Key Benefits of Proper Indexing

  • Query Performance: Dramatically reduce query execution time from seconds to milliseconds
  • Memory Efficiency: Keep frequently accessed data in memory
  • Scalability: Maintain performance as data volume grows
  • Resource Optimization: Reduce CPU and I/O usage
  • User Experience: Ensure responsive application performance

Understanding Index Fundamentals

  1. How MongoDB Indexes Work

    MongoDB indexes use B-tree data structures that maintain sorted pointers to documents. When a query is executed, MongoDB’s query optimizer determines whether an index can be used to satisfy the query efficiently.

    Index Structure:

    // Collection document
    { _id: ObjectId("..."), name: "Alice", age: 30, city: "New York" }
    // Index on 'name' field creates a sorted structure:
    // Index Entry -> Document Location
    // "Alice" -> Document 1
    // "Bob" -> Document 3
    // "Charlie" -> Document 2

    Query Execution Without Index:

    • Collection scan: O(n) complexity
    • Examines every document in collection
    • Performance degrades linearly with data size

    Query Execution With Index:

    • Index scan: O(log n) complexity
    • Directly locates relevant documents
    • Consistent performance regardless of collection size
  2. Index Types Overview

    MongoDB supports various index types, each optimized for specific use cases:

    Primary Index Types:

    • Single Field: Index on one field
    • Compound: Index on multiple fields
    • Multikey: Automatically handles array values
    • Text: Full-text search capabilities
    • Geospatial: Location-based queries
    • Hashed: Evenly distributed shard keys

    Specialized Index Types:

    • Partial: Index subset of documents
    • Sparse: Skip documents missing indexed fields
    • TTL: Automatically expire documents
    • Unique: Enforce uniqueness constraints

Core Indexing Strategies

  1. Single Field Indexes

    Single field indexes are the foundation of MongoDB indexing, created on individual document fields to optimize queries and sorting operations.

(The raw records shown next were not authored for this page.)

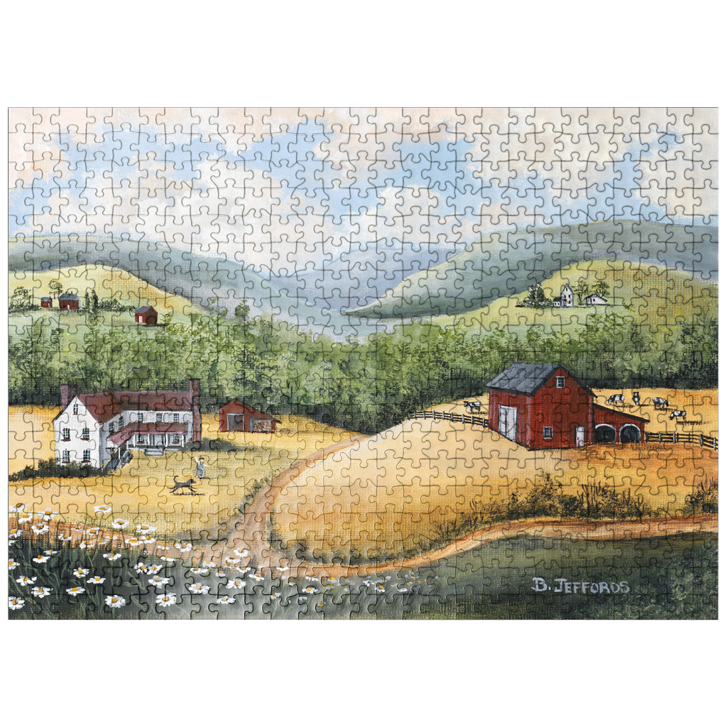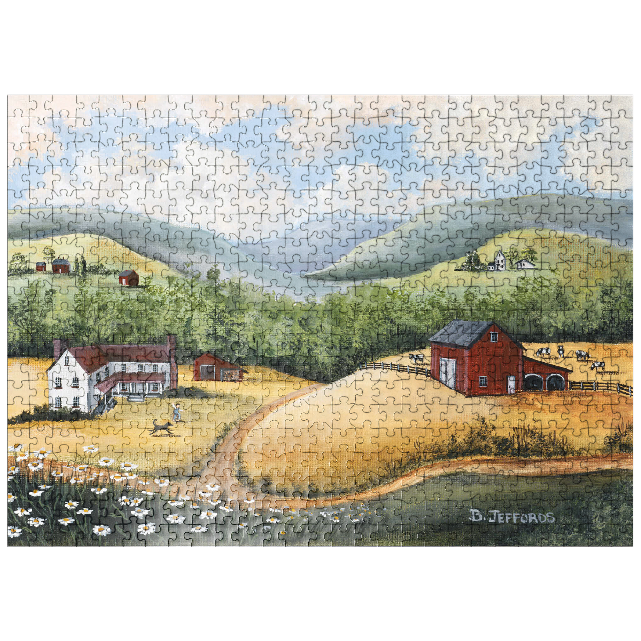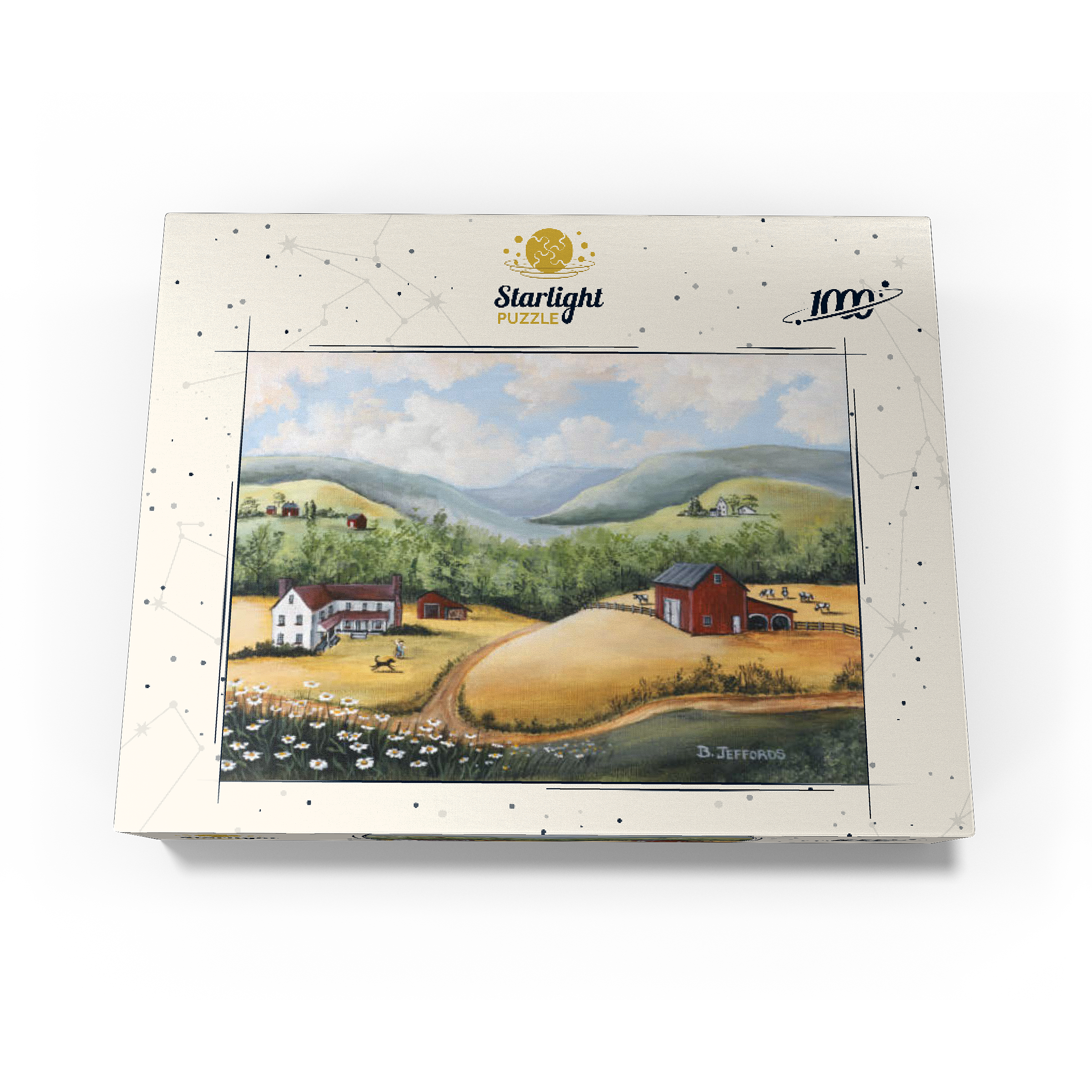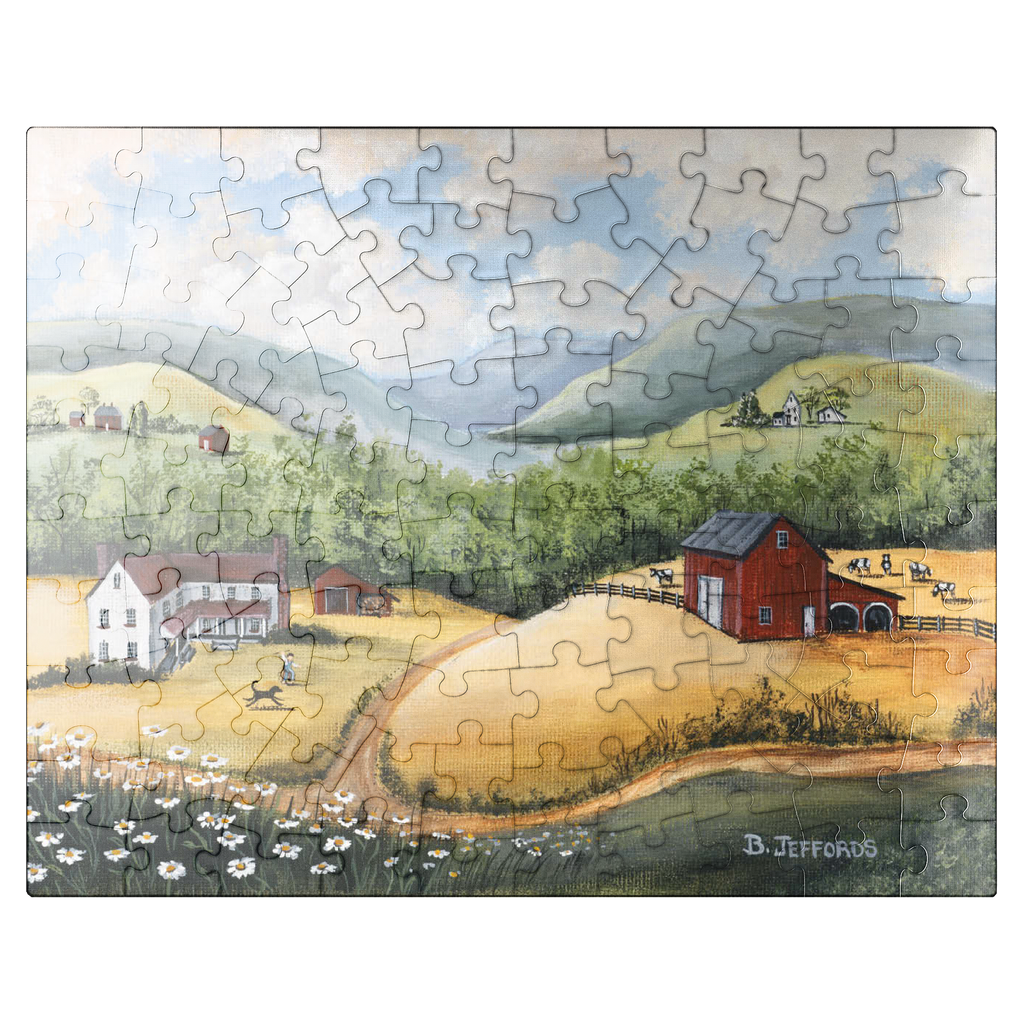 This charming folk art painting captures a peaceful rural farm scene with rolling green hills, a red barn, and a white farmhouse. The golden fields are dotted with grazing cows, quaint farm buildings, and a winding dirt road leading through the idyllic countryside. Delicate wildflowers in the foreground and distant homesteads in the background add to the nostalgic and timeless feel of early American farm life. The soft colors and detailed brushstrokes create a warm and inviting atmosphere, making this artwork a perfect addition to farmhouse décor or folk art collections.
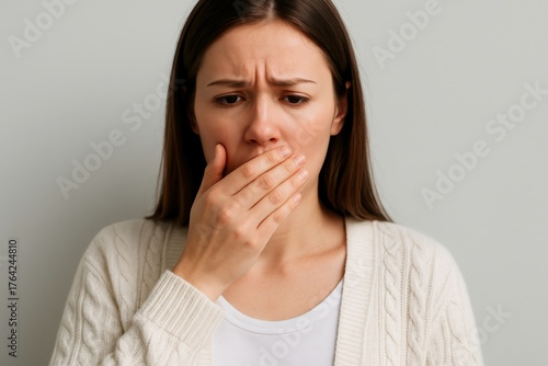 Woman covering mouth with hand showing discomfort or nausea, wearing white sweater, neutral background, expressing emotion or health concern concept. Ai generative
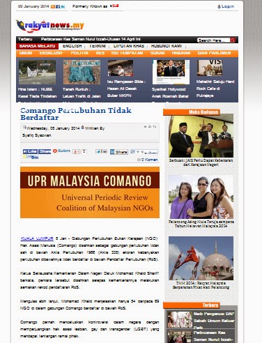 KUALA LUMPUR 8 Jan – Gabungan Pertubuhan Bukan Kerajaan (NGO) Hak Asasi Manusia (Comango) disahkan sebagai gabungan pertubuhan tidak sah di bawah Akta Pertubuhan 1966 (Akta 335) ekoran kebanyakan pertubuhan dibawahnya tidak berdaftar di bawah Pendaftar Pertubuhan (RoS).
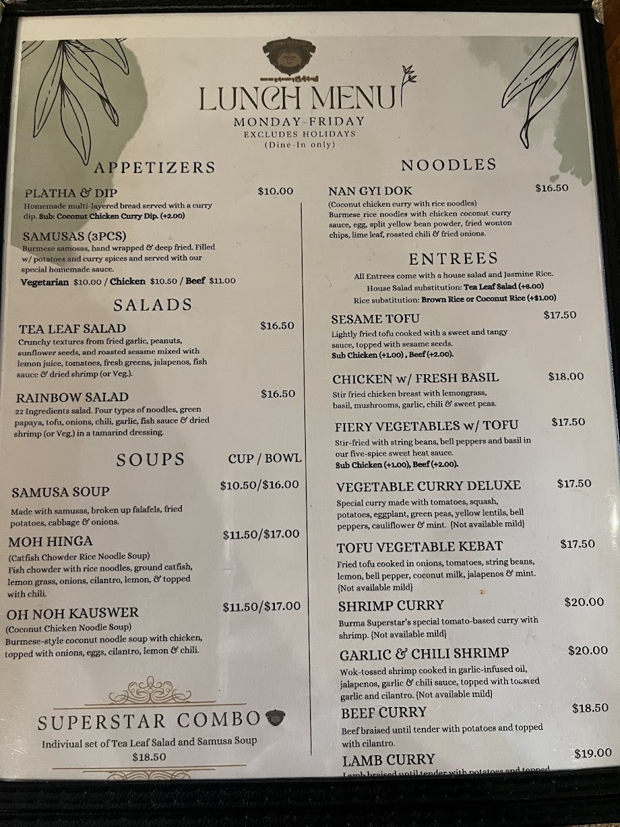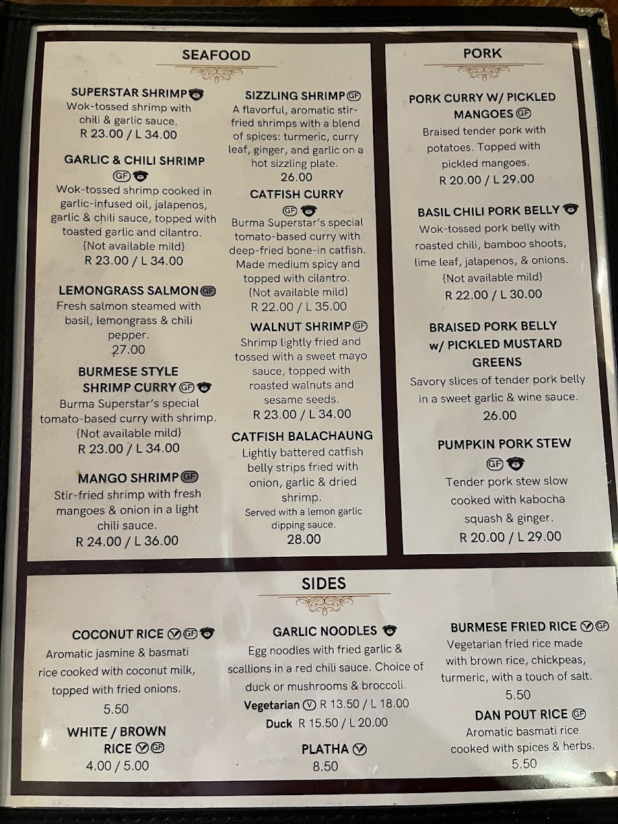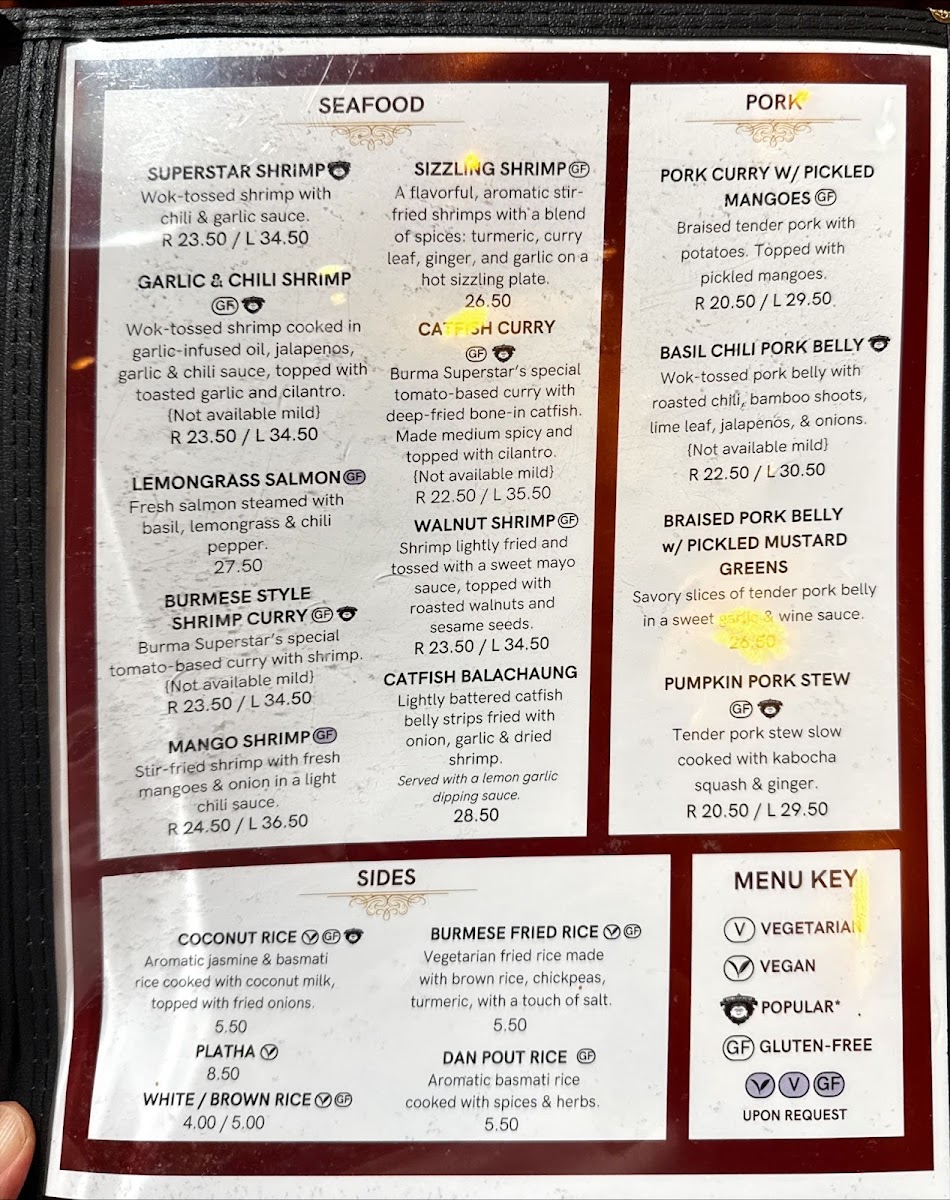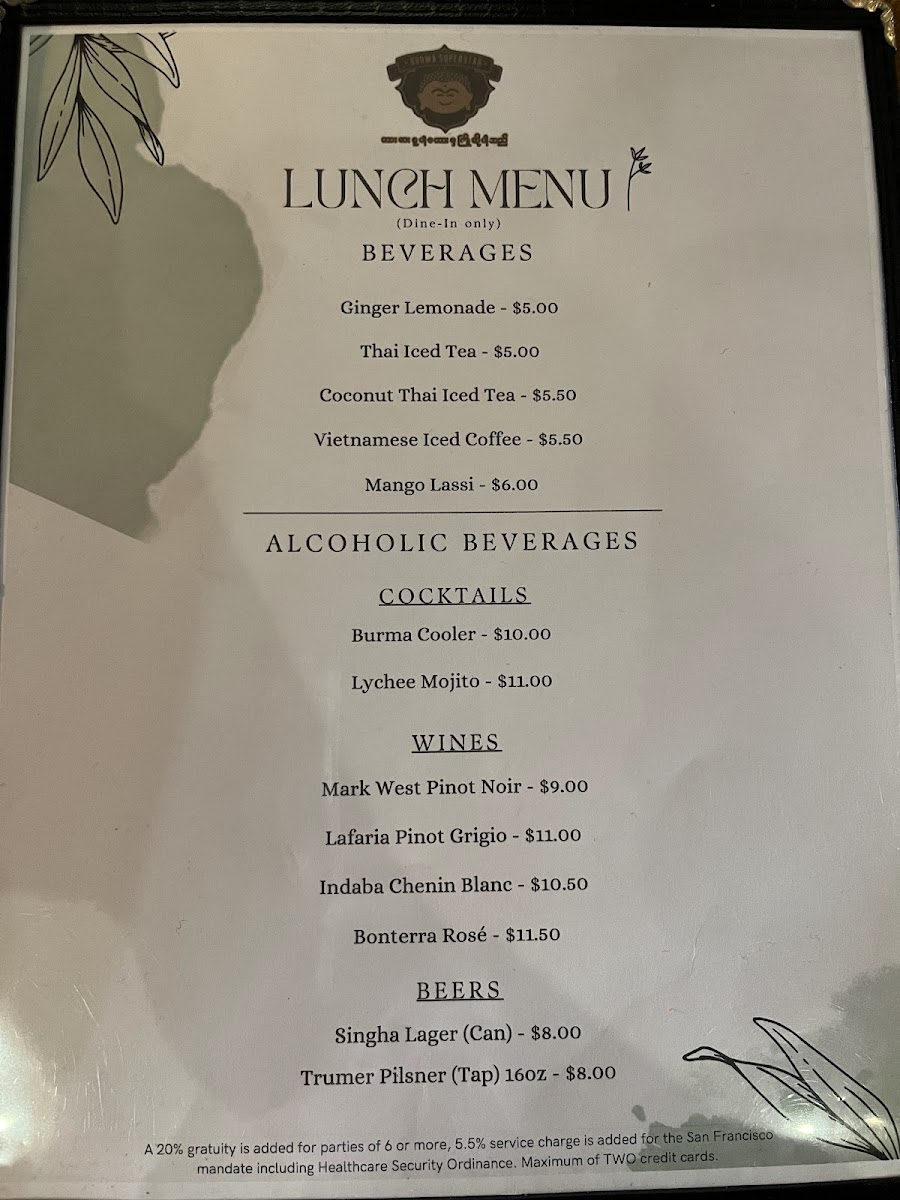Step into Burma Superstar, where the bold flavors of Burmese cuisine come alive in every dish. Located at 309 Clement St in San Francisco, CA, this cozy spot offers a delightful menu that blends traditional Burmese spices with fresh, high-quality ingredients. The Burma Superstar Menu is packed with vibrant, aromatic dishes that cater to all tastes, from savory curries to tangy salads, all bursting with flavor. Whether you're in the mood for something light like the famous tea leaf salad or craving heartier fare like the chicken curry, each plate brings a unique taste of Myanmar. Pair your meal with one of their refreshing beverages or a traditional Burmese dessert for a truly satisfying experience.
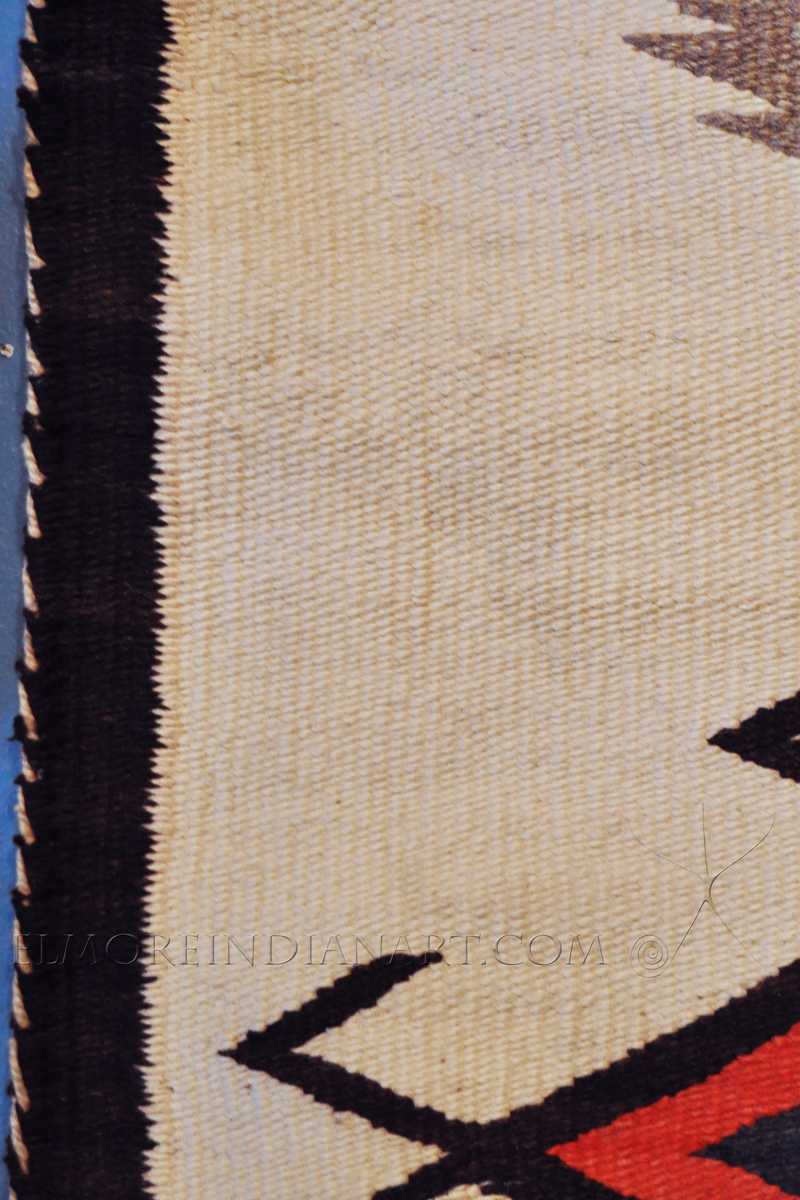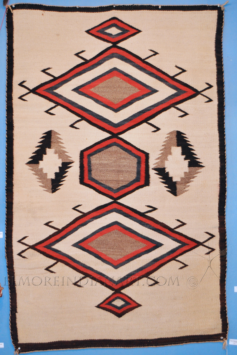 This vintage Navajo rug dates to the 1920s, and shows influence from the Mexican weaving tradition with its Saltillo-style diamonds. The weaving measures 60″ height and 40″ width and is in excellent condition with some minor wear.
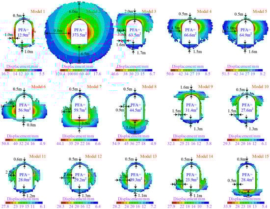 Figure 13 shows the plastic failure range and displacement distribution characteristics in the surrounding rocks of DCCS in each scheme when λ is 1.0. PFA is the plastic failure area in the surrounding rocks within the section calculated by the self-programmed FISH program. (1) The plastic failure range and maximum displacement of the surrounding rocks are positively correlated with the thickness of the weak stratum. The maximum displacement of the surrounding rocks occurs in the weak rocks on the free surface. (2) The constraint effect on the adjacent surrounding rocks is weakened after the failure of the weak stratum. It results in a wedge-shaped failure in the adjacent surrounding rocks, which is consistent with the results of similar simulation tests. (3) The plastic failure range of the surrounding rocks is the largest when the roof of DCCS is arranged along the weak stratum. The maximum displacement of the surrounding rocks reaches the peak when the floor of DCCS is arranged along the weak stratum. (4) There is no direct correspondence between the plastic failure range of the surrounding rocks and the maximum displacement. For example, the plastic failure range of the surrounding rocks in model 4 is larger than in model 5. However, the maximum displacement of the surrounding rocks in model 4 is smaller than in model 5. (5) The plastic failure range of the surrounding rocks in model 8 is at its minimum when the thickness of the weak stratum is 5 m. Moreover, the maximum displacement of the surrounding rocks in model 7 is the minimum value. (6) The plastic failure range and maximum displacement of the surrounding rocks in model 14 are both the minimum values when the thickness of the weak stratum is 2 m.
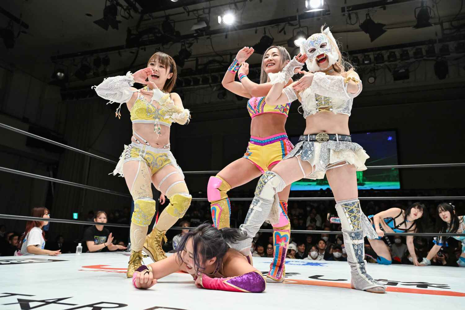 愛川「スターライト・キッド、なつぽい、勝ったぞ! 最高で最強のタッグ、ありがとうございました。おい、ゆりあ! 危なかったぞ、私!レジェンド、頑張りましたよね。我々3名、スターダムの白いベルトを巻いたことがある選手。強いだろ。みなさん、またどこかでお会いしましょう。ありがとうございました!」
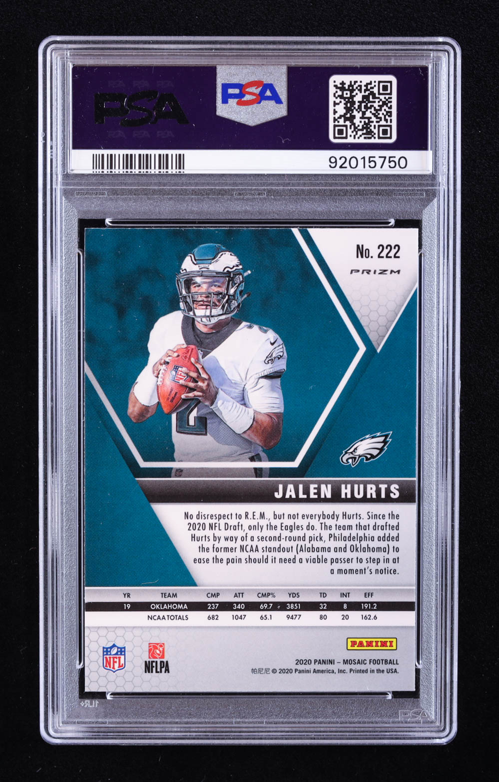 Jalen Hurts 2020 Panini Mosaic Mosaic Reactive Orange #222 RC (PSA 10)

    Creating Single Field Indexes:

    // Create ascending index on email field
    db.users.createIndex({ email: 1 });
    // Create descending index on timestamp
    db.events.createIndex({ timestamp: -1 });
    // Create index with options
    db.users.createIndex(
    { username: 1 },
    {
    unique: true,
    name: "unique_username_idx",
    background: true,
    }
    );

    Optimized Query Patterns:

    // Efficient queries using single field indexes
    // Equality queries
    db.users.find({ email: "alice@example.com" });
    // Range queries
    db.events.find({ timestamp: { $gte: ISODate("2023-01-01") } });
    // Sorting operations
    db.products.find().sort({ price: -1 });
    // Prefix matching with regular expressions
    db.users.find({ username: /^alice/ });

    Performance Considerations:

    • Index selectivity: High cardinality fields perform better
    • Query patterns: Match index sort order for optimal performance
    • Write overhead: Each index adds overhead to insert/update operations
  2. Compound Indexes

    Compound indexes span multiple fields and are essential for optimizing complex queries. The order of fields in compound indexes significantly impacts performance.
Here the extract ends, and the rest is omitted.